RECORDS PROVIDED below:
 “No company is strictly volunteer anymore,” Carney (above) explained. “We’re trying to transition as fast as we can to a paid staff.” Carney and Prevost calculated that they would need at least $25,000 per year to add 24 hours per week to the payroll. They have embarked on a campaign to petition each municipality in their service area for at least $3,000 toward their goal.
End of RECORDS PROVIDED.
RECORDS PROVIDED below:
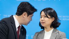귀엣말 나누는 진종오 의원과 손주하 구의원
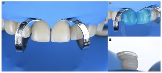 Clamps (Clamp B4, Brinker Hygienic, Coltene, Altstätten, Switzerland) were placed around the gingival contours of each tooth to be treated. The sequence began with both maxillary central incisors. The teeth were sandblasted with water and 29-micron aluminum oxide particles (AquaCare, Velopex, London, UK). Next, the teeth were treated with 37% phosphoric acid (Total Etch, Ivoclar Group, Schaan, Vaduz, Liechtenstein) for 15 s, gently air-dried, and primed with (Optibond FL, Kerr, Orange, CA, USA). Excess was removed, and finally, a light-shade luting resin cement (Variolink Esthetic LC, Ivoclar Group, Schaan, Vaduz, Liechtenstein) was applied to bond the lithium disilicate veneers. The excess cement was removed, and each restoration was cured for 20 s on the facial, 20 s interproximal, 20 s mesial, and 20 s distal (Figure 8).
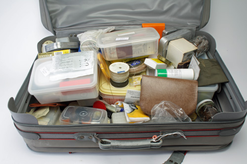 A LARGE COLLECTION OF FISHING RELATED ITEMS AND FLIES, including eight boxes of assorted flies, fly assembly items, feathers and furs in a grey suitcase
End of RECORDS PROVIDED.
RECORDS PROVIDED below:
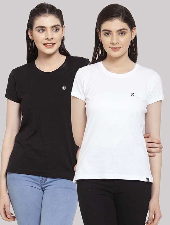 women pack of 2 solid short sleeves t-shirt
End of RECORDS PROVIDED.
YOUR ASSIGNMENT => Keep to the lines above from the line with "Clamps (Clamp B4, Brinker" to the line with "A LARGE COLLECTION", and set down exactly those, inclusive, with nothing else and every picture left out.

TASK RESPONSE =>
 Clamps (Clamp B4, Brinker Hygienic, Coltene, Altstätten, Switzerland) were placed around the gingival contours of each tooth to be treated. The sequence began with both maxillary central incisors. The teeth were sandblasted with water and 29-micron aluminum oxide particles (AquaCare, Velopex, London, UK). Next, the teeth were treated with 37% phosphoric acid (Total Etch, Ivoclar Group, Schaan, Vaduz, Liechtenstein) for 15 s, gently air-dried, and primed with (Optibond FL, Kerr, Orange, CA, USA). Excess was removed, and finally, a light-shade luting resin cement (Variolink Esthetic LC, Ivoclar Group, Schaan, Vaduz, Liechtenstein) was applied to bond the lithium disilicate veneers. The excess cement was removed, and each restoration was cured for 20 s on the facial, 20 s interproximal, 20 s mesial, and 20 s distal (Figure 8).
 A LARGE COLLECTION OF FISHING RELATED ITEMS AND FLIES, including eight boxes of assorted flies, fly assembly items, feathers and furs in a grey suitcase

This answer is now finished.